The Martingale strategy is a system of trading based upon negative progression. This means that following a loss, traders who adhere to this strategy will increase their position size. More precisely, it advocates for doubling up after each loss. Ideally, this strategy takes place when there is a 50/50 chance of an outcome happening, in which there is no expectation of a win or a loss occurring.
The theory is based on the assumption that you will not lose forever. At some point, you’ll be able to break a losing streak and on that winning trade, you’ll make back all of the previous losses in that chain and profit the original trade value. However, this only works if you have enough funds to continue doubling up.
The obvious drawback to the Martingale strategy is that the potential profit is small while the risks grow exponentially with each double down.
As we stated above, the Martingale theory has an almost guaranteed rate of success if the adherent has pockets deep enough to weather what may be very long strings of losses.
Let’s take a look at the strategy in action by using a coin flip as an example:
Imagine you have $100 and you want to bet on a coin toss using the Martingale strategy. Before the first flip, you call tails and bet $10. The coin lands on heads and you lose the 10$. Next flip, you call tails again but the coin lands on head again. You lose $20 and now you’re down an additional $30 from your initial $100. The third flip with a $40 bet on heads, the coin lands on heads and you win back what you lost plus an additional 10$. After two losing tosses and one win, you come away with $110.

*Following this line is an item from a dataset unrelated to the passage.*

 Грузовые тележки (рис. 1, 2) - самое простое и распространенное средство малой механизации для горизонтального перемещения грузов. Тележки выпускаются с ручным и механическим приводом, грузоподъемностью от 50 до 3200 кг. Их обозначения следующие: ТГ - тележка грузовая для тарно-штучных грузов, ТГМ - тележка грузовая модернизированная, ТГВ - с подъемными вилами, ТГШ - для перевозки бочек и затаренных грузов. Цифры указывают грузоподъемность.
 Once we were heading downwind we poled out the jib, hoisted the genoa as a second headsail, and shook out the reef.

It’s obvious when looking at this example that after only one more losing coin toss, you would have run out of money to continue doubling up and therefore this strategy would be a loser. Therefore, unless you have unlimited funds to draw from, this strategy is highly risky relative to its miniscule payout.
The big difference between trading forex and betting on a heads or tails scenario is that forex prices trend, often with the trends lasting for quite a while. To deploy a successful Martingale strategy in forex, the goal is that with each double down, the price for an average entry lowers. As prices move lower, you will be able to break even with smaller rallies.

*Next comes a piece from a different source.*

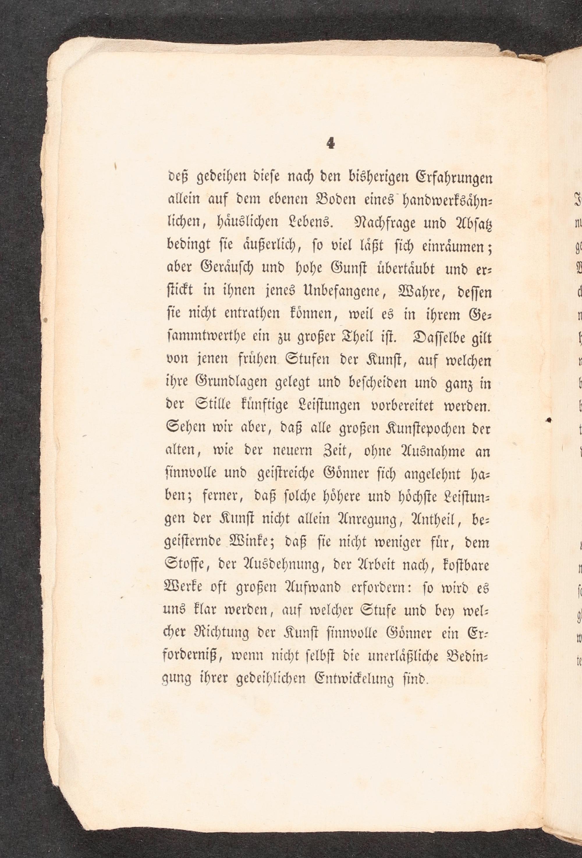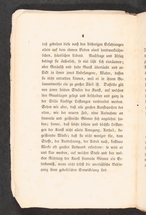 deß gedeihen dieſe nach den bisherigen Erfahrungen allein auf dem ebenen Boden eines handwerksähn- lichen, häuslichen Lebens. Nachfrage und Abſaß bedingt ſie äußerlich, ſo viel läßt ſich einräumen; aber Geräuſc; und hohe Gunſt übertäubt und er- ſuit in ihnen jenes Unbefangene, Wahre, deſſen ſie nicht entrathen können, weil es in ihrem Ge- ſammtwerthe ein zu großer Theil iſt. Daſſelbe gilt von jenen frühen Stufen der Kunſt, auf welchen ihre Grundlagen gelegt und beſcheiden und ganz in der Stille künftige Leiſtungen vorbereitet werden. Sehen wir aber, daß alle großen Kunſtepochen der alten, wie der neuern Zeit, ohne Ausnahme an ſinnvolle und geiſtreiche Gönner ſich angelehnt ha- benz ferner, daß ſolche höhere und höchſte Leiſtun- gen der Kunſt nicht allein Anregung, Antheil, be- geiſternde Winke; daß ſie nicht weniger für, dem Stoffe, der Ausdehnung, der Arbeit nach, koſtbare Werke oft großen Aufwand erfordern: ſo wird es uns klar werden, auf welcher Stufe und bey wel- <er Richtung der Kunſt ſinnvolle Gönner ein Er- forderniß, wenn nicht ſelbſt die unerläßliche Bedin- gung ihrer gedeihlichen Entwickelung ſind.

Another reason why the Martingale strategy is popular in forex is that the chances of a currency falling to zero are incredibly slim. Currencies may fall dramatically but unless a country decides to annihilate its currency, the value won’t hit zero.
Traders with a large amount of capital might also find the Martingale strategy appealing because it gives them the opportunity to gain interest in order to neutralize their losses. A successful deployment of this strategy would therefore involve borrowing on a low interest currency in order to buy a currency with a high interest rate.

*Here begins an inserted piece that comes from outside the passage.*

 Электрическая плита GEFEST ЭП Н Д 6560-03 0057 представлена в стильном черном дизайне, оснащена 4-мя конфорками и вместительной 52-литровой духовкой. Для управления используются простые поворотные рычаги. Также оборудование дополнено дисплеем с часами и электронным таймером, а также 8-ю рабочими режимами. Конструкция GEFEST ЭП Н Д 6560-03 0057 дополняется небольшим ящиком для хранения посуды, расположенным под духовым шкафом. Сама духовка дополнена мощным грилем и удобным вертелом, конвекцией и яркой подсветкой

As we briefly discussed earlier in the article, if the participant engaging in this strategy has unlimited funds in order to continue doubling down in the face of defeat, the strategy will likely ultimately work. However, since the bets increase at such a rate, most traders who use this strategy could find themselves facing a hole that their pockets just can’t manage.
The most important action for a trader to take when using this strategy is to define the maximum loss they’re willing to suffer on each trade. Engaging this strategy without taking this step is careless and strongly advised against.
The next preparation should be deciding to quit the double downs after the fifth repetition. If it doesn’t pay off after that attempt, look to trade other pairs.
After that, it’s wise to only deploy this strategy sporadically. We’ve outlined above how quickly big losses can pile up. Also, avoid using this strategy during a ranging market.
Lastly, like any well thought out strategy, it’s important to practice this one before going live in the market.
In theory, this strategy might sound great because it does seem to offer the inevitable win, even after a long string of losses. While this may be true, by the time traders see an eventual win, the hole they have just dug may prove to be too big to get out of. Only traders with large portfolios should attempt this strategy and even then, it’s extremely risky. Only try this if you are experienced and comfortable losing most of your account equity in a single trade. Otherwise, it might be wise to steer clear of this strategy.